Jim Dine - Heart
Endurecido, o duro coração
entrega-se às trevas da manhã, e no rasto sombrio ergue, tão alto, a vara de
salgueiro. Encostado ao bordão de cinza, deixa-se flutuar, como se fora máquina
de aço inoxidável, tão pura e tão inoxidável, tão tonitruante máquina era o
coração. Árvores cobrem-se de folhas e, num prenúncio do tempo a vir, juncam de
sombras, tão sombrias, o chão. Ali, naquele território sombreado, os cães arrastam-se,
entre leves ganidos, em busca da floresta, da casa que um dia por morada tão
demoradamente haverão de ter. O Sol, o cintilante astro de ruídos e tumultos,
contrai-se, torna-se a cada dia que passa mais pequeno, arrasta pelos céus o perdido
fulgor de forasteiro, aquele a quem nestas casas por hóspede não se quer.
Severas imagens assim se
projectam diante do olhar, os jardins suspensos por cordas de sisal, ranúnculos,
anémonas, jacintos-de-água e uma violeta de ferro vinda das terras da monção,
negras praias de mar ondulante, um súbito tremor na tremura tremeluzente do
horizonte. Se pudesse contar-te um conto de fadas, príncipes, leves princesas, se
a minha voz se soltasse do silêncio, compreenderias a férrea violeta, nestes
jardins à gravidade tão avessos. Acode-me uma palavra de névoa, mas logo a
esqueço, e se me inclino para dizer o teu nome, suave delíquio atormenta-me a
fronte, dobra-a em direcção à sombra e recolhe no segredo, no secreto sigilo, as
palavras, todas as que tinha para dizer.
Em silêncio olho as falenas.
Anunciam os odores que aos pés paralisam e os prendem às janelas, onde o tempo
se vê passar, entristecido de a si se ter perdido no rio que não desagua,
nessas águas tintas de sangue e grandes cardumes, os peixes que fogem das
manhãs marítimas, da maresia que dissolve o mar e o deposita na areia da
loucura, da imprudência de um coração endurecido, entregue à insensatez do
excesso, às severas imagens que o olhar vê projectadas no ecrã da memória.
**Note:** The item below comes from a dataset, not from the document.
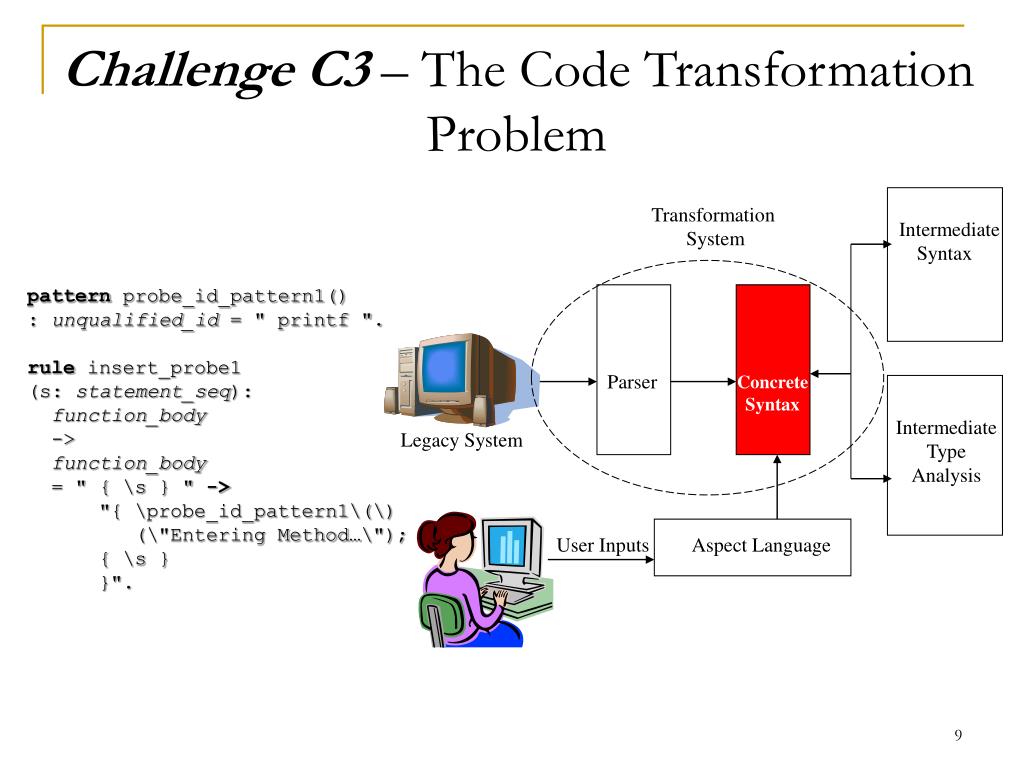 Transformation System Parser Concrete Syntax Legacy System User Inputs Aspect Language Challenge C3 – The Code Transformation Problem Intermediate Syntax pattern probe_id_pattern1() : unqualified_id = " printf ". rule insert_probe1 (s: statement_seq): function_body -> function_body = " { \s } " -> "{ \probe_id_pattern1\(\) (\"Entering Method…\"); { \s } }". Intermediate Type Analysis

Atravessado bem no centro por um triste, tão triste, caminhante, o coração, no
duro pulsar dos dias, envolve-se na crosta, uma terra quebradiça e quase
castanha, que o sangue ao secar, no processo lento da evaporação das águas,
sobre ele faz cair, numa precipitação ruidosa, que até os olhos, tão serenos
perante a estrídula tonitruância, se calam.